Мы, сюрреалисты, настаиваем на необходимости отметить пятидесятилетие истерии, величайшего поэтического открытия XIX века, что в особенности актуально сегодня, когда факт раздробленности самого понятия истерии ни у кого, кажется, не вызывает сомнений. Нам бесконечно дороги молодые истерички, идеальный пример которых предлагает нам анамнез восхитительной X. L. (Огюстины), поступившей в Сальпетриер1 под наблюдение доктора Шарко 21 октября 1875 года в возрасте 15 с половиной лет – а потому нас совершенно не занимают вымученные отрицания реальности органических расстройств, изничтожая которые, медики рассчитывают покончить с истерией как таковой. Подобные попытки вызывают лишь сожаление. Г-н Бабинский2, самый блестящий из умов, когда‑либо обращавшихся к данной проблеме, осмеливался утверждать в 1913 году: «Когда искреннее, глубинное переживание сотрясает душу человека, места для истерии не остаётся». И это ещё не самый прискорбный факт. Помнит ли Фрейд, стольким обязанный Шарко, о временах, когда, по дошедшим до нас свидетельствам, интерны Сальпетриер, путая свой профессиональный долг с любовными позывами, с наступлением ночи приглашали больных к себе или разделяли с ними ложе в их палатах? Затем для нужд медицинской профессии, правоту которой здесь поддержать просто нельзя, они терпеливо описывали якобы (sic) патологические страстные позы, которые были им (и остаются нам, чисто по‑человечески) столь ценны. Полвека спустя жива ли ещё школа Нанси3? Помнит ли обо всём этом доктор Люи4, если ещё не умер? Куда подевались наблюдения Нери5 за землетрясением в Мессине? Где те зуавы, которых «торпедировал» этот Реймон Руссель от науки – Кловис Венсан6?

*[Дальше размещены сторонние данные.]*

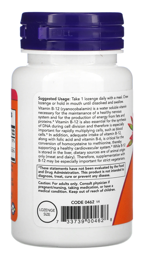 Now Foods Vitamina B12 5000mcg e Ácido Fólico 60 Pastilhas Suporte a Produção de Energia no Metabolismo / No Brasil-TOPSHOP A Vitamina B12 e o Ácido Fólico são compostos importantes para o bom funcionamento de nosso corpo e com essa fórmula combinada da Now Foods você pode contar com os benefícios da vitamina B12, um composto solúvel importante para a produção de energia a partir de gorduras e proteínas e do Ácido Fólico uma substância que desempenha um papel importante na conversão de homocisteína em metionina e no apoio ao melhor desempenho das articulações cardiovasculares. Sem mencionar que a vitamina B12 também é essencial para a síntese de DNA durante a divisão celular. OUTROS INGREDIENTES: Frutose, Sorbitol, Celulose microcristalina, Ácido Esteárico (fonte vegetal), Ácido cítrico, Aromas naturais, Dióxido de Silício e Lecitina de Soja. RECOMENDAÇÕES DE USO: Tomar 1 pastilha por dia com uma refeição. Mastigue a pastilha ou segure na boca até dissolver. CUIDADOS: Apenas para adultos. Se estiver grávida ou amamentando, busque orientação antes de usar este produto. Mantenha fora do alcance de crianças. Pode ocorrer variação natural da cor neste produto. Dimensões: 9,0 x 4.0 x 4.0 cm Peso: 0,044 Itens inclusos: 1x Frasco com 60 Pastilhas VALIDADE LONGA.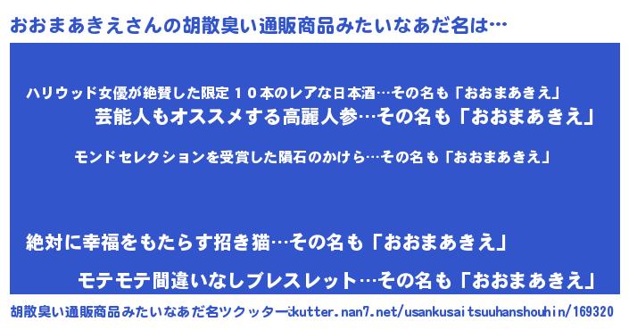 | 男性向けラノベタイトル風あだ名 | 『ノーゲーム・ノーオオマアキエ』 |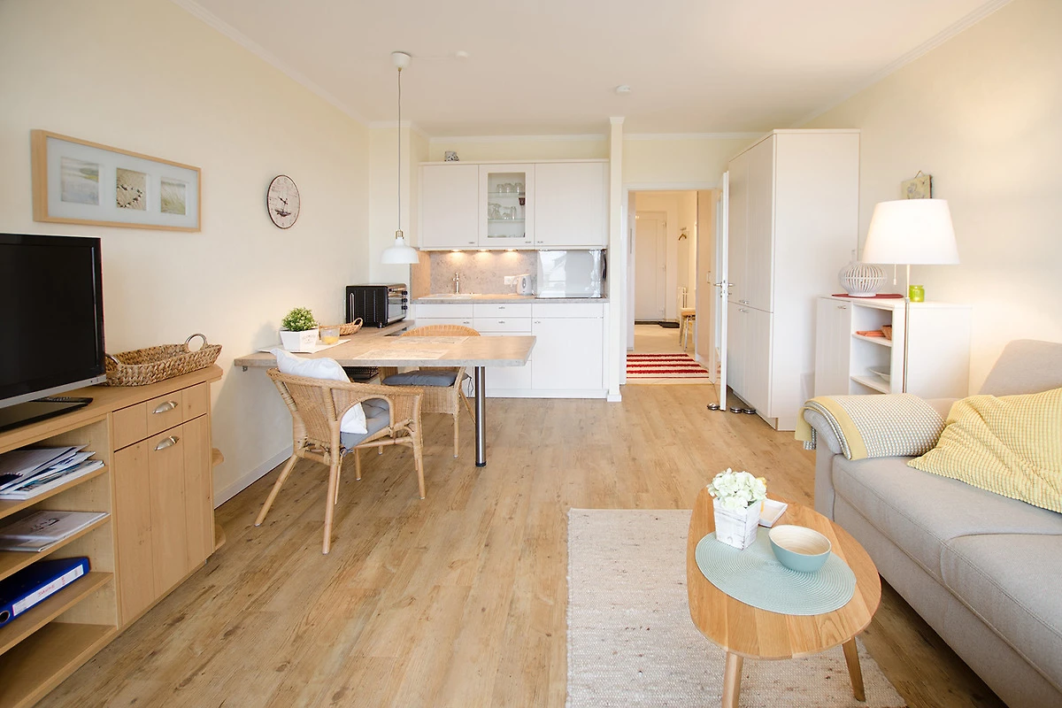 Das Wohn-Schlafzimmer der Fewo ist mit einer bequemen Schlafcouch, zwei Rattansessel, Couchtisch, TV-Regal, einem Essbereich, sowie einer integrierten Küchenzeile eingerichtet.

После множества определений истерии, сменявших друг друга вплоть до наших дней – в античности её считали божественной, в Средние века адской, от «луденских одержимых» до флагеллантов церкви Богоматери Слёз (да здравствует г-жа Шантелув!), определений мистических, эротических или попросту лирических, определений социальных и научных, – как легко бросить в ответ: «Истерия – болезнь сложная, принимающая разные формы и определению не поддающаяся» (Бернхейм). Те, кто видел прекрасный фильм «Ведьмы»7, наверняка помнят почерпнутые на экране – или в зале – сведения куда живее, нежели те, что они узнали из книг Гиппократа, Платона8, у которого матка скачет по организму подобно прыткой козочке, Галена9, у которого коза уже успокоилась, и Фернеля10, в XVI веке вновь пустившего её вскачь – он чувствовал, как у него под рукой матка поднимается к желудку; у них рога этого Зверя росли, росли, пока не превратились в дьявольские. Потом уже улизнул сам дьявол, и его наследие расползлось по позитивистским теориям. Кризис вокруг истерии раздут до таких размеров, что заслоняет саму истерию с её бесподобной аурой, с её четырьмя периодами – от третьего захватывает дух, точно от самых выразительных и невинных живых картин, вплоть до его такого естественного разрешения в нормальной жизни. К 1906 году классический образ истерии становится неузнаваемым: «Истерия – патологическое состояние, проявляющееся в виде расстройств, которые у некоторых пациентов можно с поразительной точностью воспроизвести посредством внушения и которые способны исчезать исключительно под влиянием убеждения (контрсуггестии)» (Бабинский).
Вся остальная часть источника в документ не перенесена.